Feline calicivirus (FCV) highly contagious RNA virus causing upper respiratory tract disease affecting nose, throat, mouth, eyes; occasionally lungs, joints, digestive tract. One of major causes upper respiratory tract disease (URTD) cats, often called "cat flu." FCV spreads easily through direct contact infected cats, respiratory droplets, saliva, eye discharge, contaminated food bowls, litter trays, bedding, grooming equipment, and on human hands. Genetic diversity remarkable with over 50 known strains continuously emerging through viral mutation complicating vaccine development. Typical symptoms include sneezing, nasal discharge, watery eyes, fever (39–40°C/102–104°F), lethargy, loss appetite, mouth ulcers, drooling, gum swelling, difficulty eating, occasionally joint pain and limping. Rare virulent systemic form (VS-FCV) causes facial swelling, skin ulcers, severe pneumonia, jaundice, liver damage, disseminated intravascular coagulation (DIC), mortality rates 30–70 percent. High-risk groups include kittens, unvaccinated cats, shelter animals, boarding facility cats, multi-cat households, immunocompromised cats. Diagnosis usually based medical history and clinical signs; PCR testing, viral culture, blood tests, X-rays confirm diagnosis. No specific antiviral kills FCV; treatment focuses supportive care—intravenous fluids, soft nutritious food, pain medication, antibiotics treating secondary bacterial infections. Most cats recover 7–14 days supportive care; mouth ulcers healing takes longer. Some cats become long-term carriers, continue shedding virus without showing illness, remaining potential infection source (approximately 10 percent household cats shed FCV). Vaccination significantly reduces disease severity; doesn't prevent infection completely due high viral genetic variability. Vaccinated cats can still become infected but typically experience milder illness. Prevention includes vaccination compliance, isolation infected cats, hand hygiene, disinfection equipment, avoiding overcrowding. Prognosis generally good uncomplicated cases; prognosis poor for virulent systemic form. Recurrent stress may trigger virus reactivation carrier cats. Indoor housing reduces exposure risk.

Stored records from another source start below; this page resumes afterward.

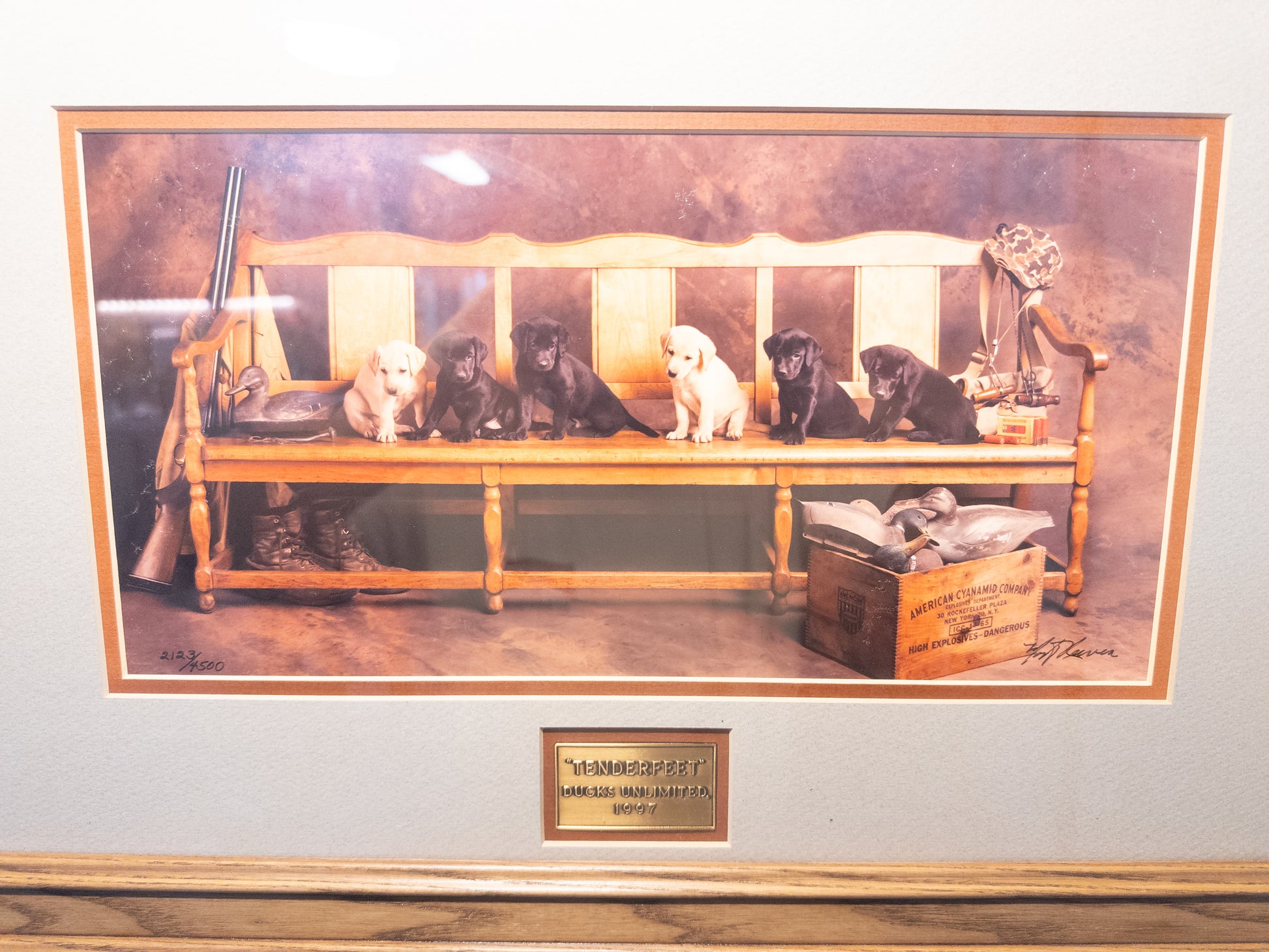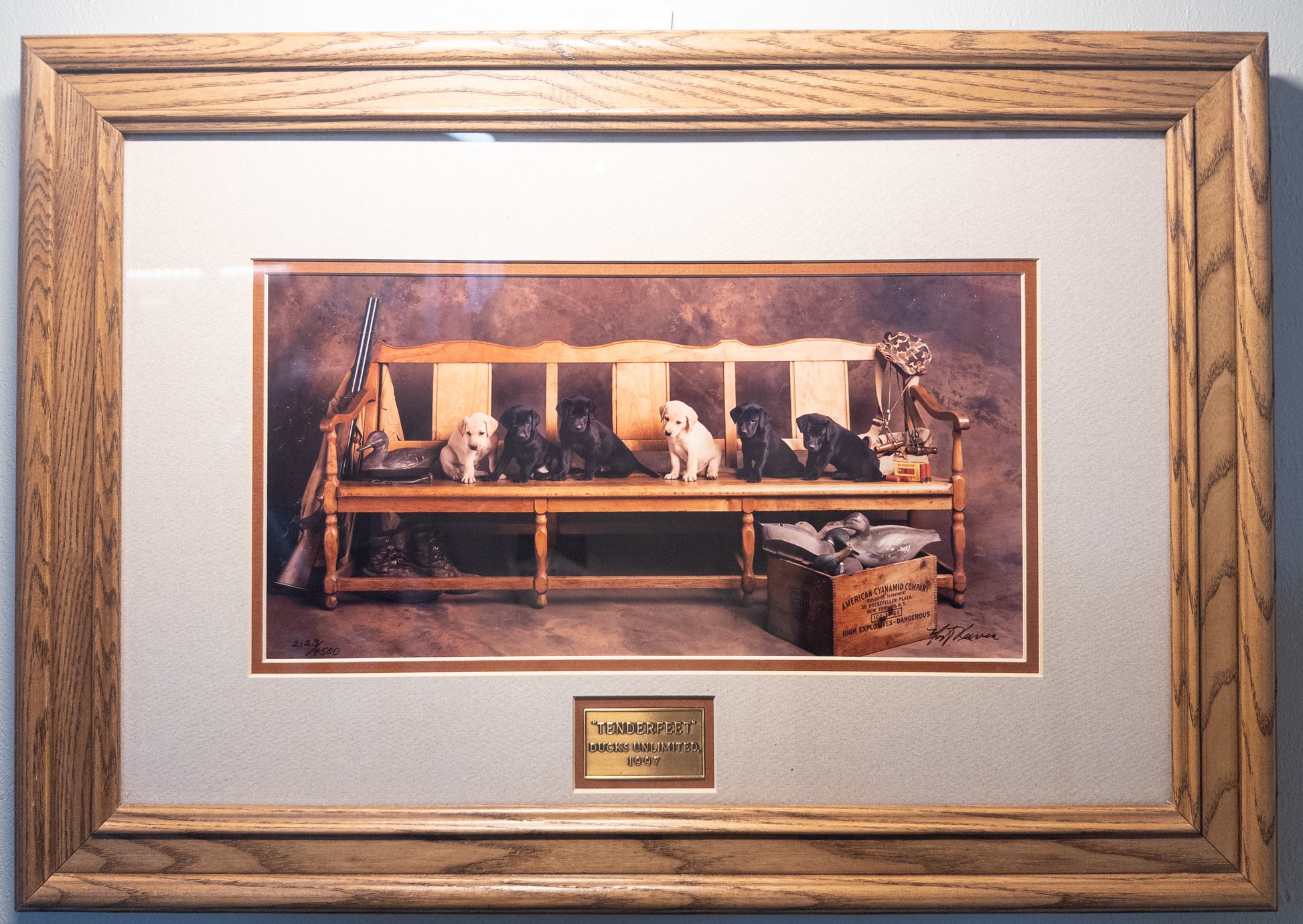 “Tenderfeet” Ducks Unlimited Labrador Puppy Print Signed Jim Killen 2123/4500 Framed 21x15 1997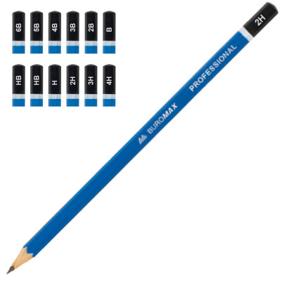 Набір олівців графітових, 6B-4H, корпус синій, без гумки, 12шт/уп, Professional, TM Buromax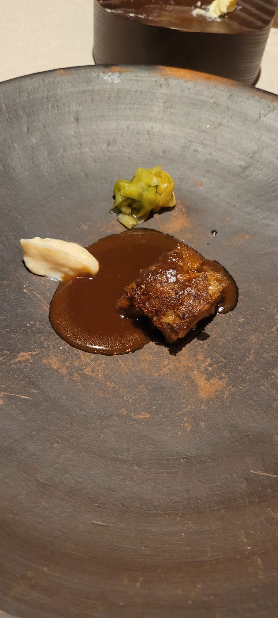 En el Principal vuelve a cobrar protagonista el chato murciano en forma de Royal de Chato, Tubérculos (chirivía) confitados en mantequilla tostada y pepino fermentado. Una carrillera que se deshace en la boca, superjugosa y sabrosísima.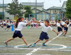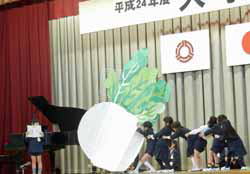 歓迎の言葉は2年生、国語で学んだ『大きなカブ』の劇の一部や暗算、縄跳び、鍵盤ハーモニカと踊りなど、1年生の学習の成果を披露した。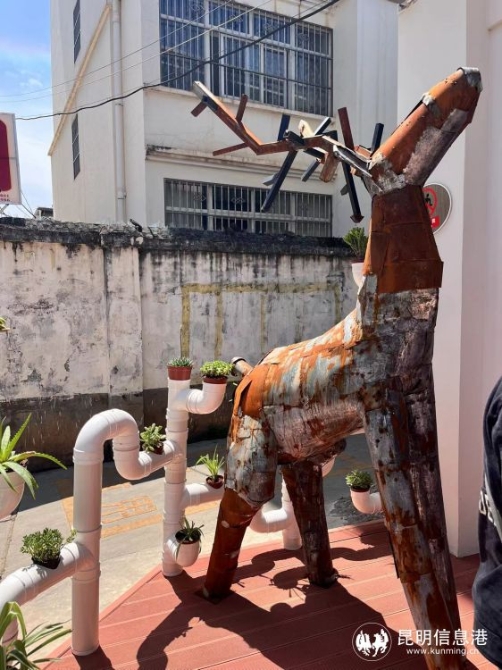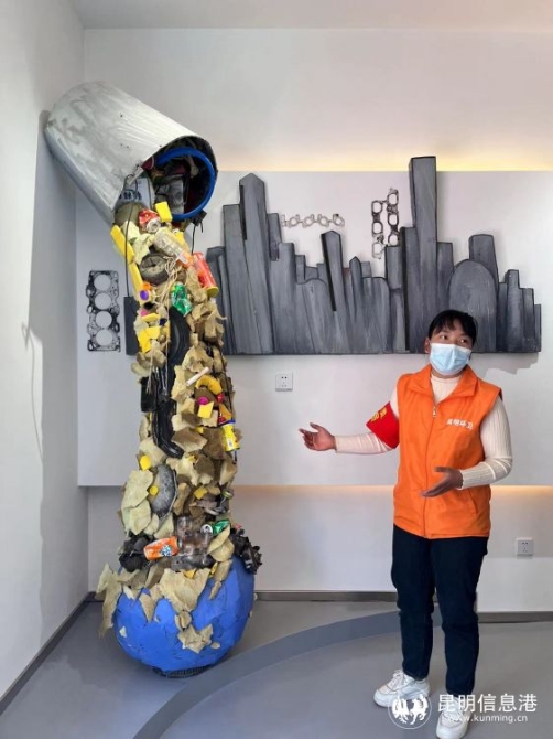 垃圾分类体验馆门口,利用废铁制作的鹿“毛渣渣”正抬头仰望嵌入房子的铁树,树上有两只小动物“铁眼仔和卷皮兄弟”;踏入馆内左侧,一只盛满垃圾的桶正无止境向我们的蓝色星球倾倒垃圾;用棉花、泡沫、废铁制作而成的帆船,这些都是嵩明县生活垃圾分类体验馆中的创意雕塑,既吸人眼球,又充满深意。

This guide based on research from PetMD, VCA Animal Hospitals, Cats.com, Cat Fanciers Association, MDPI Animals journal, National Centre for Biotechnology Information (NCBI), peer-reviewed veterinary journals on FCV pathogenesis, epidemiology, molecular characterization. Caliciviridae family definition: large family viruses infecting wide range vertebrate animals including rabbits, livestock, reptiles, birds, amphibians. FCV genome structure: approximately 7.7 kilobases (kb); single-stranded positive-sense RNA encoding three open reading frames (ORFs). ORF1 encodes non-structural proteins; ORF2 encodes major capsid protein VP1; ORF3 encodes minor capsid protein VP2. Vesivirus genus: FCV belongs genus Vesivirus within Caliciviridae; other vesivuses infect marine mammals, swine. High mutation rate: FCV exhibits high genetic variability contributes emergence new strains; different strains show different virulence antigenic properties. GII genotype: recent research identifies GII FCV genotype dominant Asia; other genotypes documented Europe, Americas. Viral persistence: FCV can persist lymphoid tissues even vaccinated cats; stress environmental changes may trigger recrudescence. Gingivostomatitis definition: severe inflammatory condition involving gums and oral mucous membranes. Hyperesthesia definition: increased sensitivity touch; sign FCV joint involvement. Limping syndrome: rare outcome FCV infection characterized stiffness, muscle soreness, mild joint pain; can occur both kittens and older cats. Co-infections: FCV often co-infects herpesvirus (FHV-1) or parvovirus (FPV) complicating clinical presentation outcomes. PCR sensitivity: PCR testing highly sensitive specific for detecting FCV genetic material; gold standard diagnosis. Supportive care timing: early aggressive supportive care improves outcomes reduces mortality risk.